Core Concepts
A novel online joint beat and downbeat tracking system based on streaming Transformer with contextual block processing and relative positional encoding, achieving substantial performance improvements over state-of-the-art models.
Abstract
The paper proposes BEAST, a novel online joint beat and downbeat tracking system based on streaming Transformer. To deal with online scenarios, BEAST applies contextual block processing in the Transformer encoder.
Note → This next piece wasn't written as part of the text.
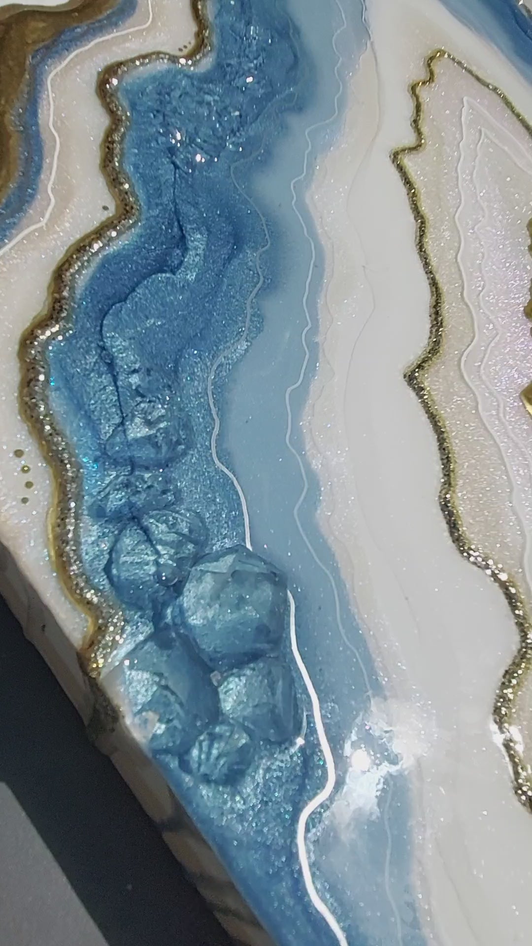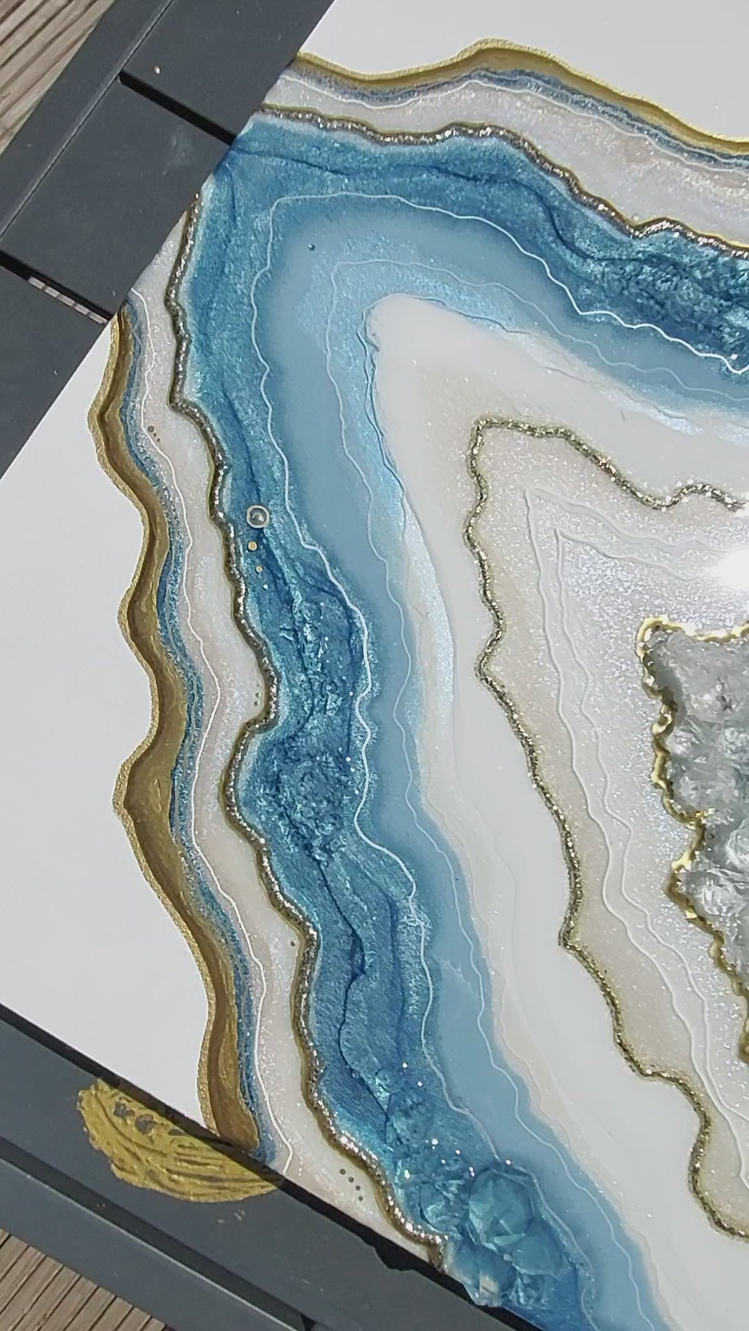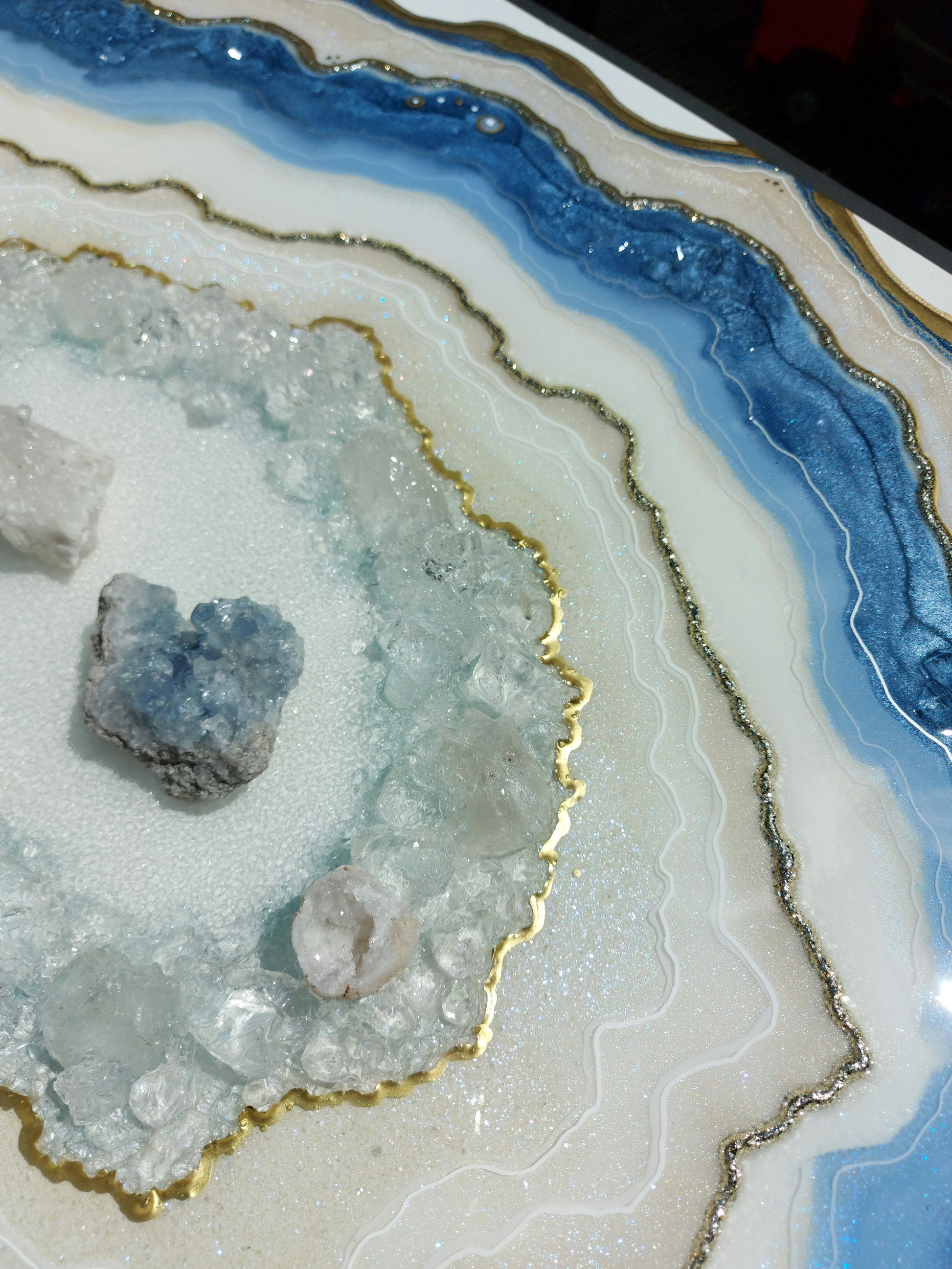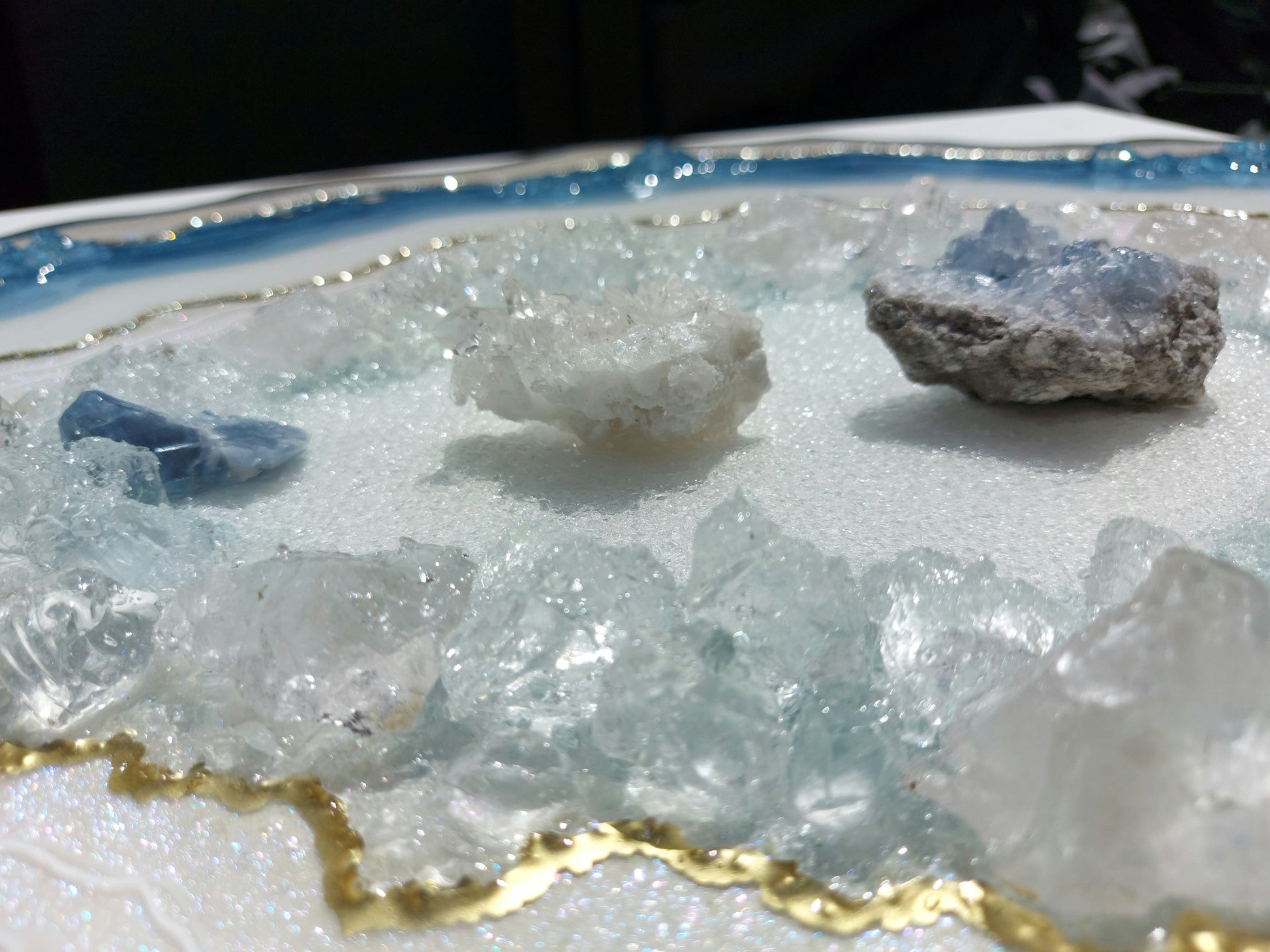 Original Celestite Inspired Geode Artwork - 50x70cm. Clear quartz and celestite infused beautiful piece of art.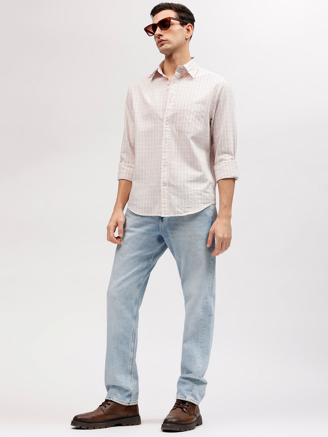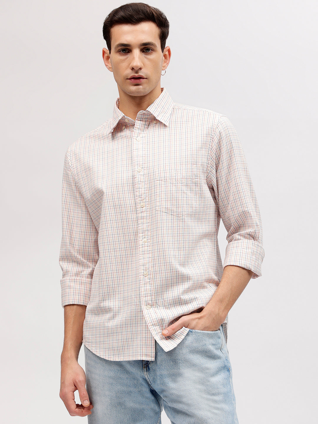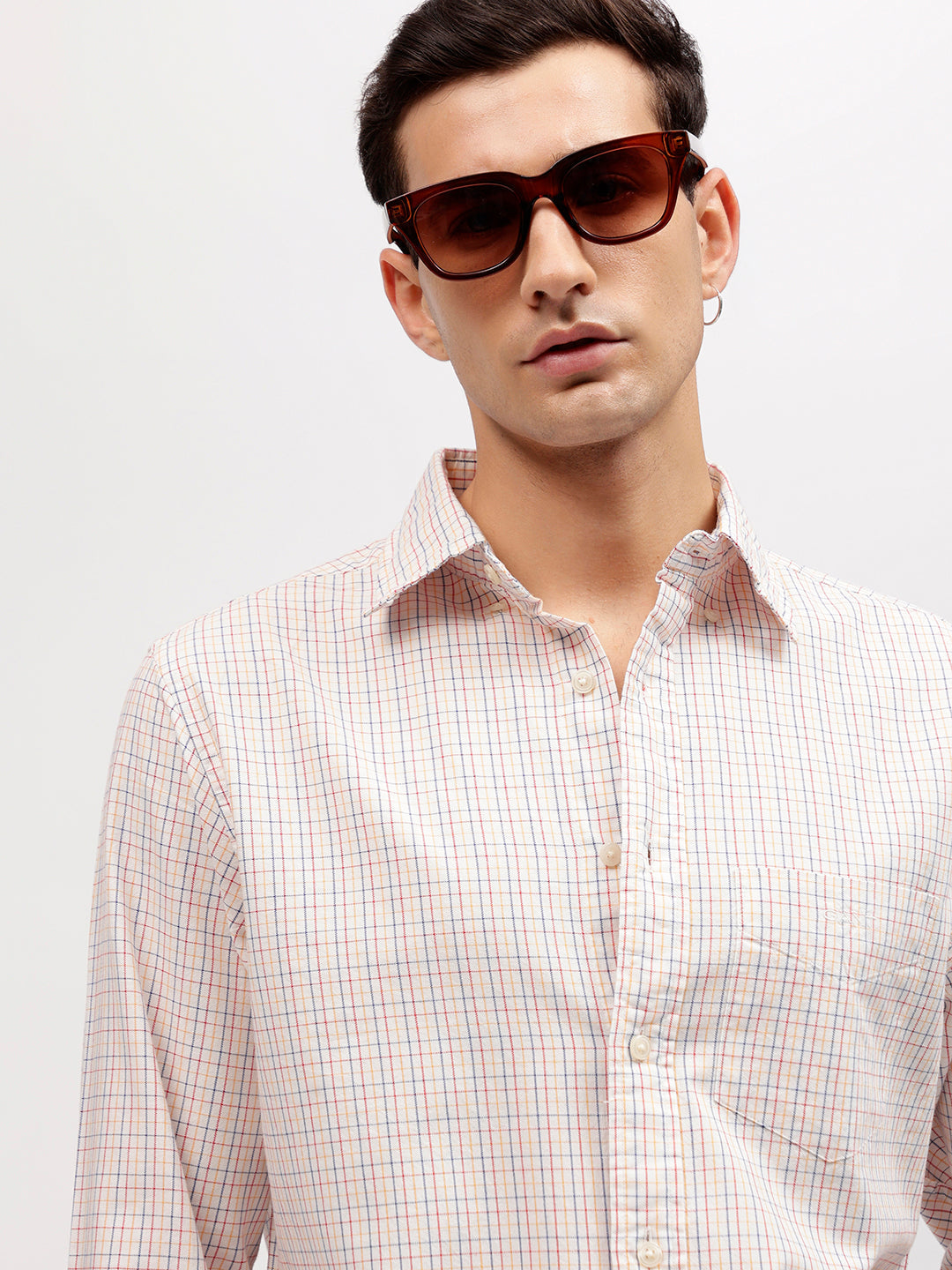 Men Off White Checked Button-down Collar Full Sleeves Shirt

Moreover, it adopts relative positional encoding in the attention layer of the streaming Transformer encoder to capture relative timing position, which is critically important information in music.
The key highlights and insights are:
BEAST utilizes the contextual block processing mechanism in the Transformer encoder to support online processing, where only the past and present input features are available.
BEAST adopts the relative attention mechanism in the streaming Transformer encoder, inspired by Transformer-XL and Music Transformer, to better capture the relative timing position information in music.
Experiments on benchmark datasets show that for a low latency scenario with maximum latency under 50 ms, BEAST achieves an F1-measure of 80.04% in beat and 46.78% in downbeat, which is a substantial improvement of about 5 percentage points over the state-of-the-art online beat tracking model.
This is the first work to utilize the streaming Transformer in the Music Information Retrieval (MIR) domain.
Stats
Many deep learning models have achieved dominant performance on the offline beat tracking task.
Online beat tracking still remains challenging.
BEAST achieves an F1-measure of 80.04% in beat and 46.78% in downbeat for a low latency scenario with maximum latency under 50 ms, which is a substantial improvement of about 5 percentage points over the state-of-the-art online beat tracking model.
Quotes
"To deal with online scenarios, BEAST applies contextual block processing in the Transformer encoder."
"BEAST adopts the relative attention mechanism in the streaming Transformer encoder to better capture the relative timing position information in music."